There may be some disagreement with EY over just how hard alignment is, but MIRI actually did a ton of work on solving the above list of problems directly and is confident that they haven’t been able to solve them yet. This is where we have concrete data on the difficulty. There are some promising approaches still being pursued, but I take this as strong evidence that alignment is hard.
It’s not that it’s impossible for humans to solve alignment. The current world, incentives, hardware and software improvements, and mileposts of ML capabilities don’t leave room for alignment to happen before doom. I’ve seen a lot of recent posts/comments by folks updating to shorter timelines (and rare if no updates the other way). A couple years ago I updated to ~5 years to human-level agents capable of creating AGI. I’m estimating 2-5 years with 90% confidence now, with median still at 3 years. Most of my evidence comes from LLM performance on benchmarks over time and generation of programming language snippets. I don’t have any idea how long it will take to achieve AGI once that point is reached, but I imagine it will be months rather than years because of hardware overhang and superhuman speed of code generation (many iterations on serial tasks per second). I can’t imagine a Butlerian Jihad moment where all of Earth decides to unilaterally stop development of AGI. We couldn’t stop nuclear proliferation. Similarly, EY sees enough contradictions pop up along imagined paths to success with enough individual probability mass to drown out all (but vanishingly few and unlikely) successful paths. We’re good at thinking up ways that everything goes well while glossing over hard steps, and really bad at thinking of all the ways that things could go very badly (security mindset) and with significant probability.

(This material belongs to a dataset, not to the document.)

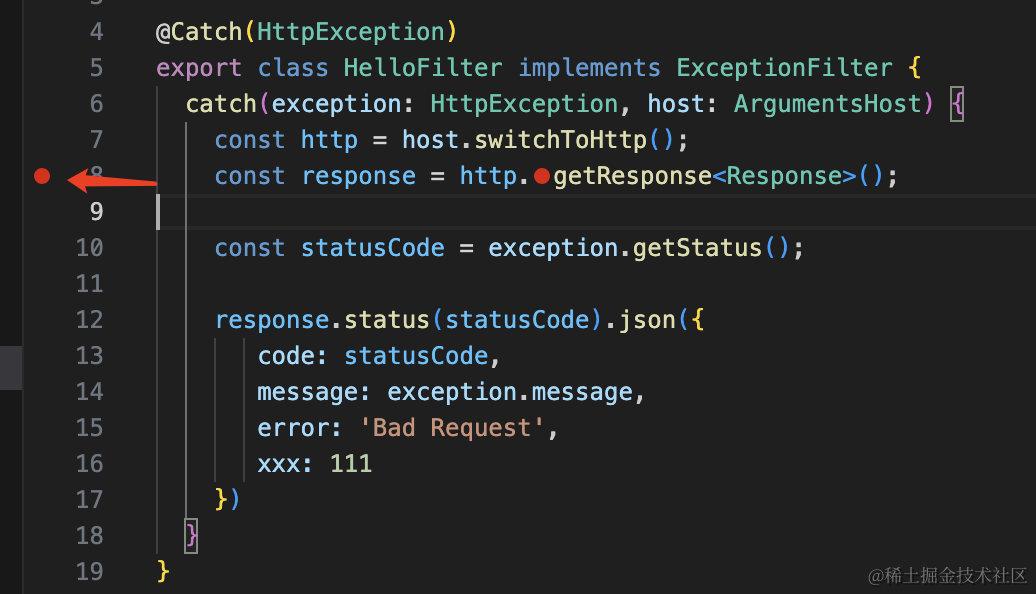 Exception Filter 是在 Nest 应用抛异常的时候,捕获它并返回一个对应的响应。

Alignment of LLMs is proving to be about as hard as predicted. Aligning more complex systems will be harder. I’m hoping for a breakthrough as much as anyone else, but hope is not a strategy.
Something I haven’t seen mentioned before explicitly is that a lot of the LLM alignment attempts are now focusing on adversarial training, which presumably will teach the models to be suspect of their inputs. I think it’s likely that as capabilities increase that suspicion will end up turning inward and models will begin questioning the training itself. I can imagine a model that is outwardly aligned to all inspection gaining one more unexpected critical capability and introspecting and doubting that it’s training history was benevolent, and deciding to disbelieve all of the alignment work that was put into it as a meta-adversarial attempt to alter its true purpose (whatever it happens to latch onto in that thought, it is almost certainly not aligned with human values). This is merely one single sub-problem under groundedness and value-preservation-under-self-modification, but its relevance jumps because it’s now a thing we’re trying. It always had a low probability of success, but now we’re actively trying it and it might fail. Alignment is HARD. Every unproven attempt we actually make increases the risk that its failure will be the catastrophic one. We should be actually trying only the proven attempts after researching them. We are not.